The council had been calling for a ban on Ahmadiya since 2005 when it issued two fatwas, one against the sect for not believing Muhammad is the last prophet and another calling on Muslims to reject “pluralism, liberalism and secularism.”
On June 1 in Jakarta, opponents of Ahmadiya, some affiliated with Forum Umat Islam, an organization formed to promote the council’s fatwas whose leaders include several prominent council members, clashed with demonstrators supporting the sect. Dozens were injured.
Despite an outcry over the incident, the government ordered Ahmadiya members to “stop disseminating interpretations that deviate from the main tenets of Islam” or face legal action. The government then asked the Council of Ulemas, with its network of chapters, to monitor Ahmadiya’s compliance.
A report in July by the International Crisis Group, which analyzed the conditions leading to the decree, laid significant blame on the dominance of radicals within the council and the council’s growing influence.

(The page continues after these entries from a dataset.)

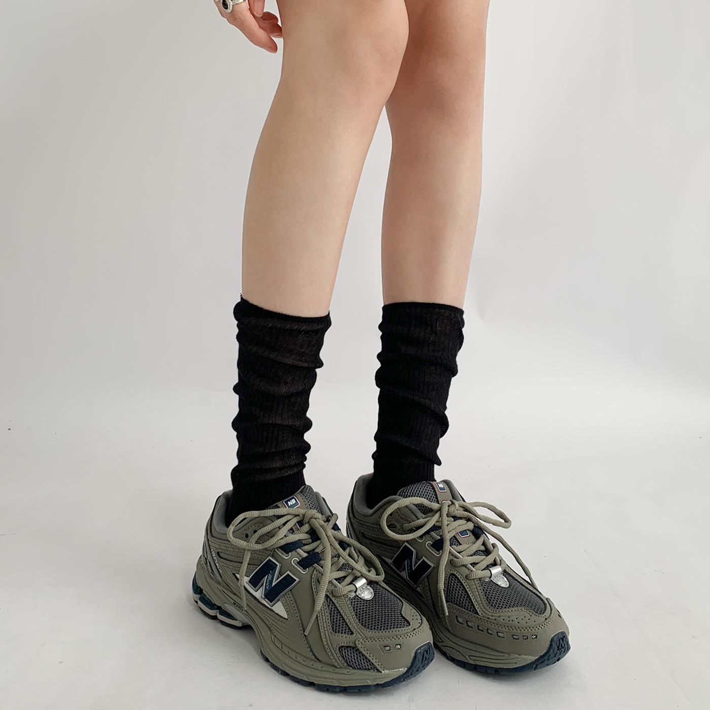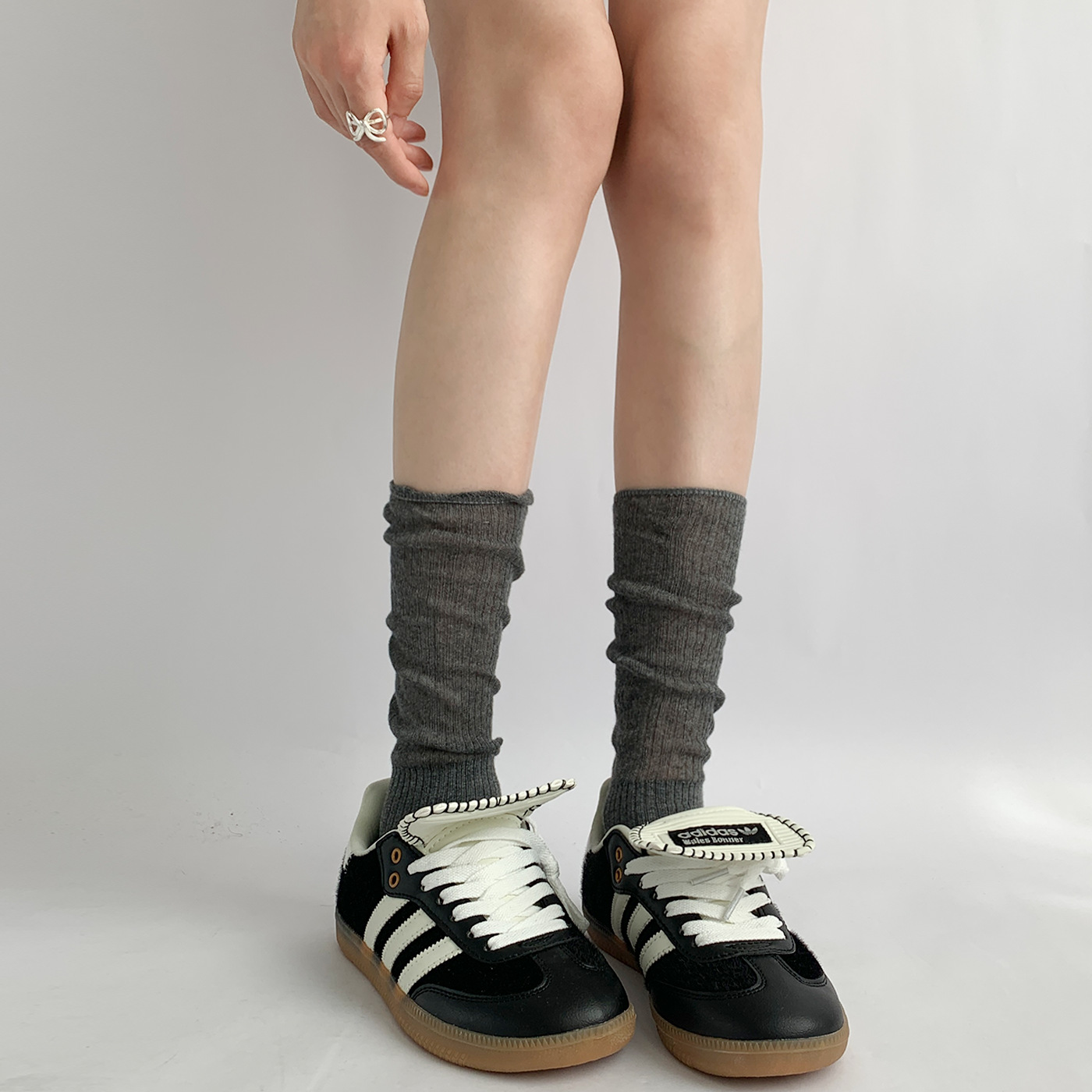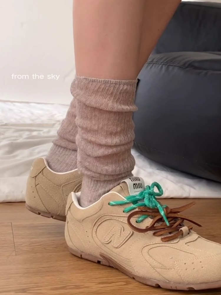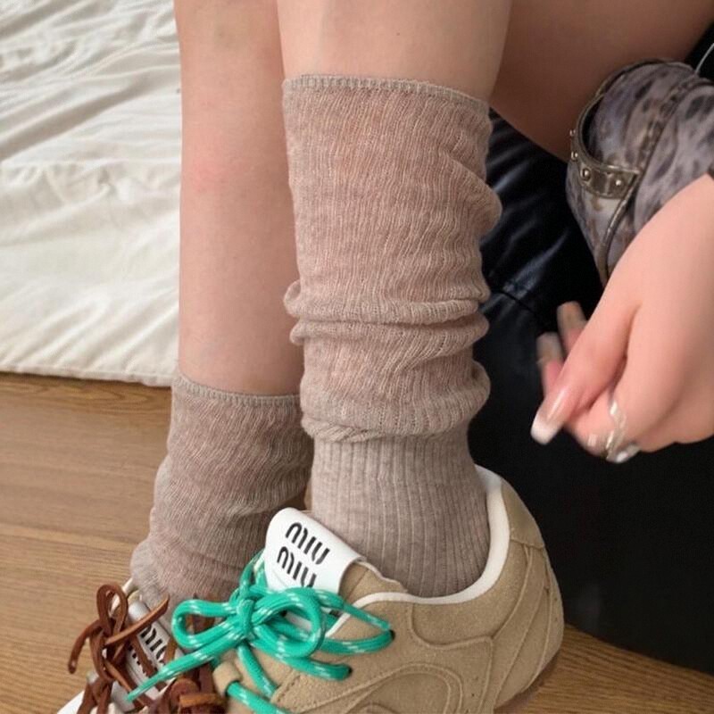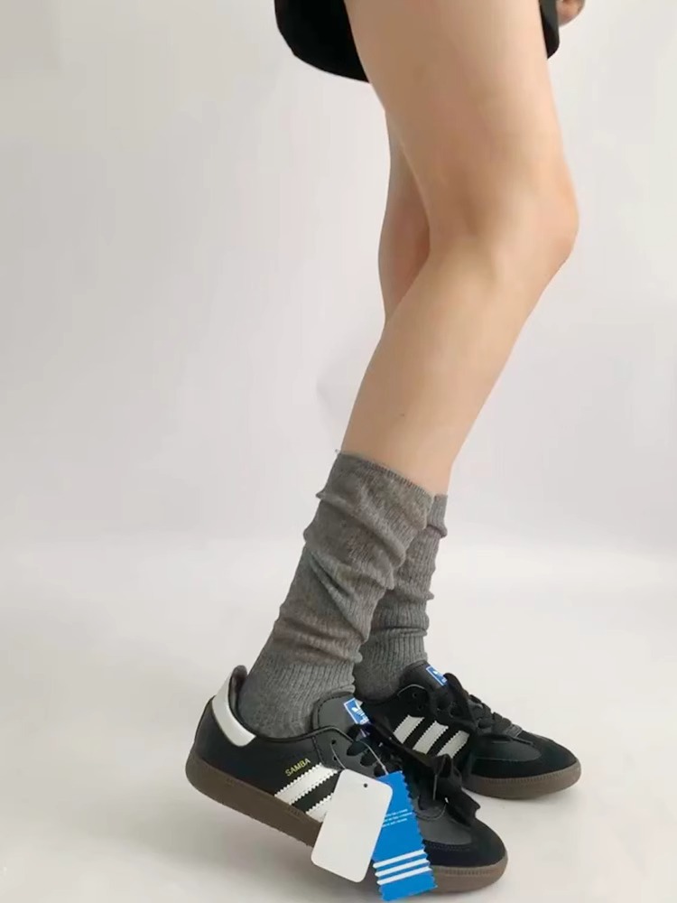가을 얇은 새로운 단색 바느질 중간 길이 양말 여성의 통기성 회색 JK 송아지 양말 간단한 아카데미 스타일스토어 가기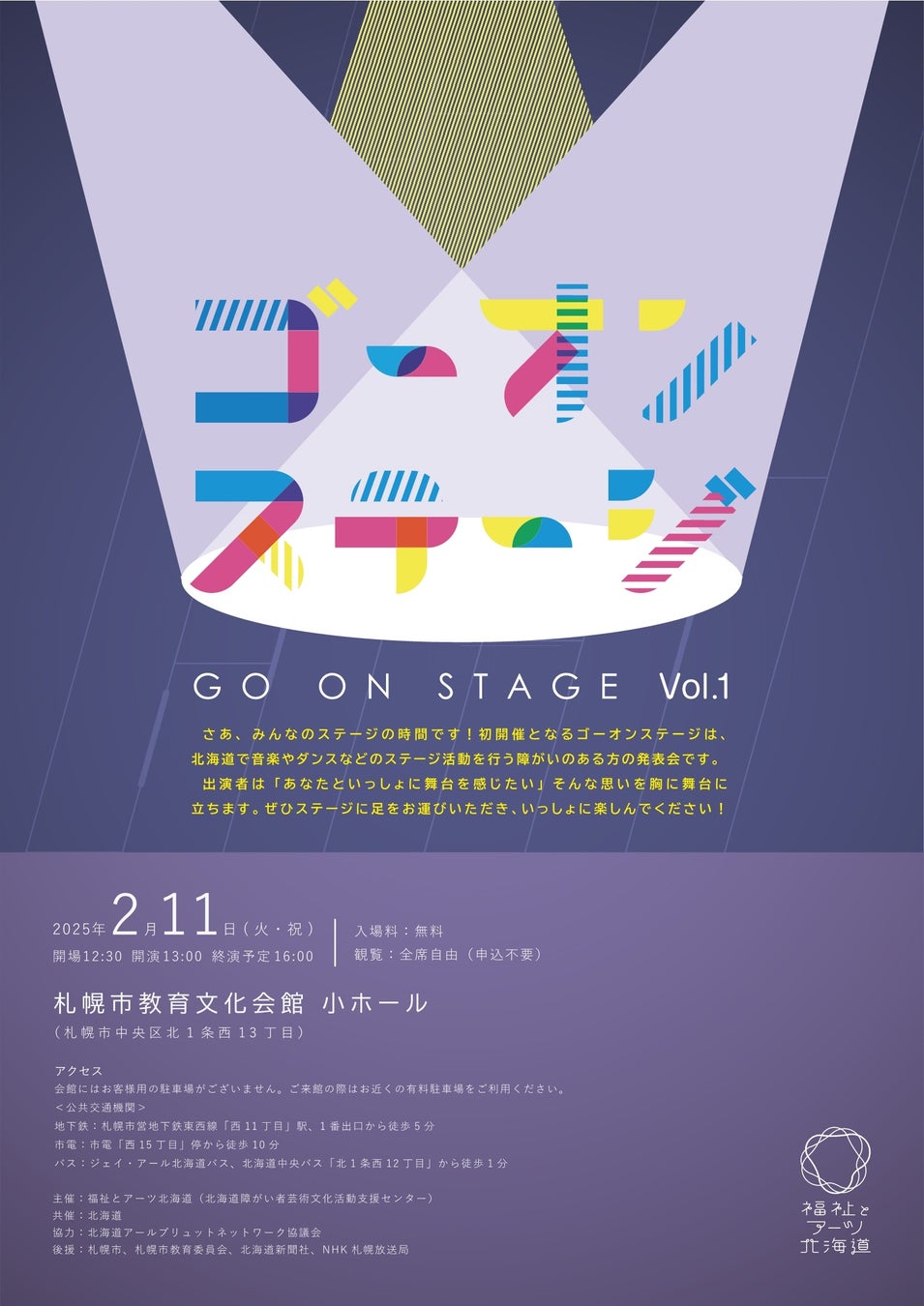 道内で活動する障がい者の芸術文化活動の活躍の場を拡げ、障がいの有無を問わず多様な人々との交流が促進されることを目的に、この度、ステージ発表会「ゴーオンステージ」を開催します。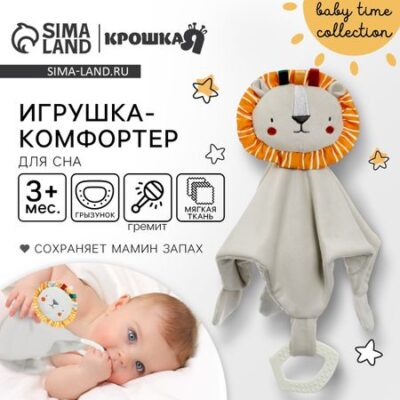 Комфортер — игрушка для сна новорожденных, Крошка Я «Львенок Леон», погремушка, прорезыватель, серый. Комфортер — это специальная мягкая игрушка в виде небольшого одеяльца, которой укрывают малыша, чтобы он чувствовал себя уютно во время сна. Секрет в том, что ткань впитывает запах мамы при взаимодействии с предметом и создает ощущение, что близкий человек рядом. Положите крохе в кроватку эту милую вещицу, и процесс засыпания будет проходить проще. Такое изделие подойдет ребенку не только для крепкого сна, но и в качестве первой игрушки. Комфортер выполнен из плюшевой ткани, мягкой и приятной на ощупь.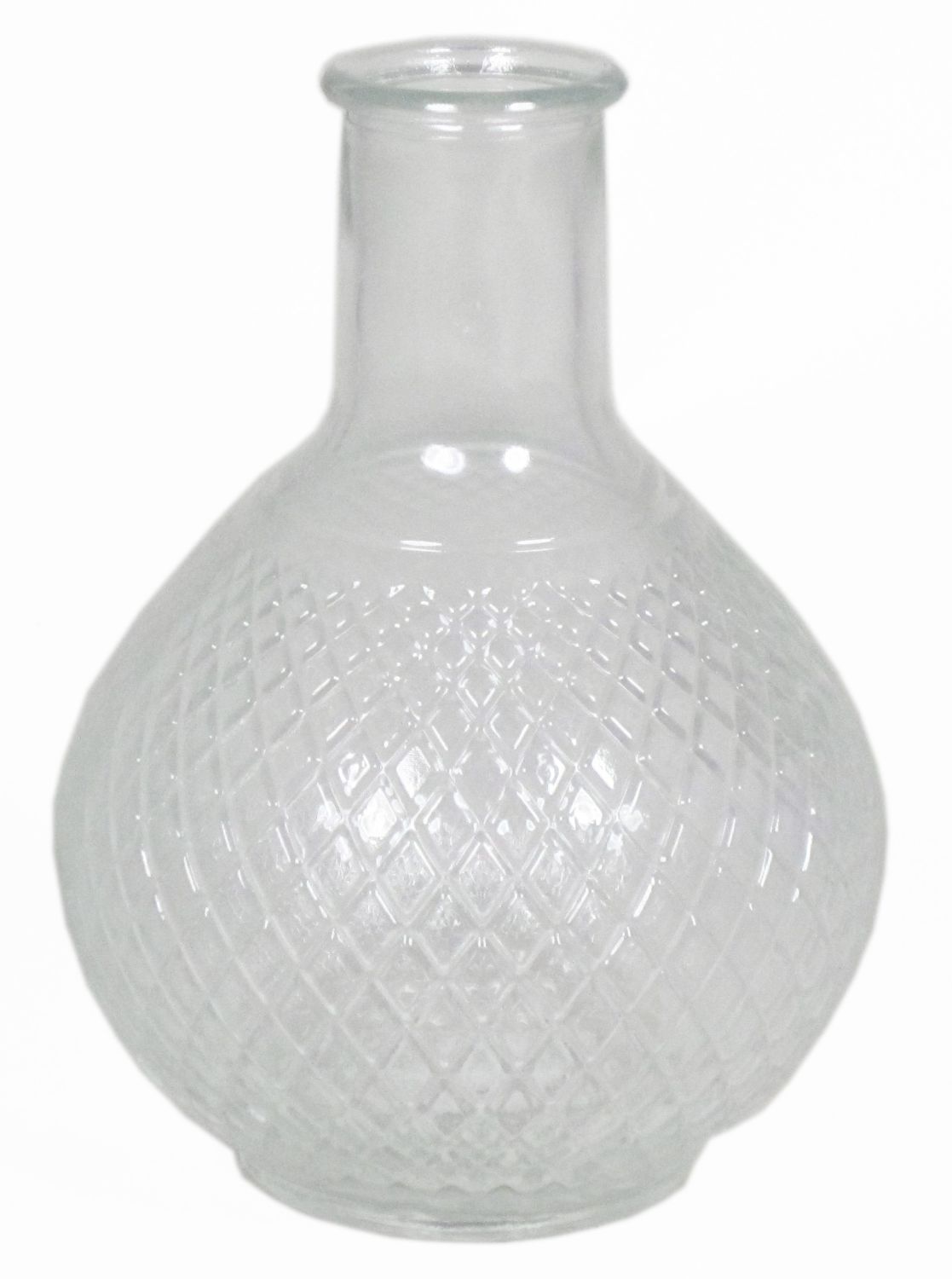 Flower vase DONKA, fine diamond pattern, ball/round, clear, 7"/18,5cm, Ø5.3"/13,5cm

Several of those members are leaders of groups blamed for burning mosques and houses belonging to Ahmadiya adherents.
In its annual report on religious freedom in September, the United Sates State Department singled out the Council of Ulemas as “influential in enabling official and social discrimination” against minority religious groups in the last year in Indonesia.
Still, most of Indonesia’s Muslims remain moderate, and some have begun to fight back.
Taylor, whose group promotes religious tolerance, said moderate groups would need to try to take control of the council or press the government to privatize or dissolve it.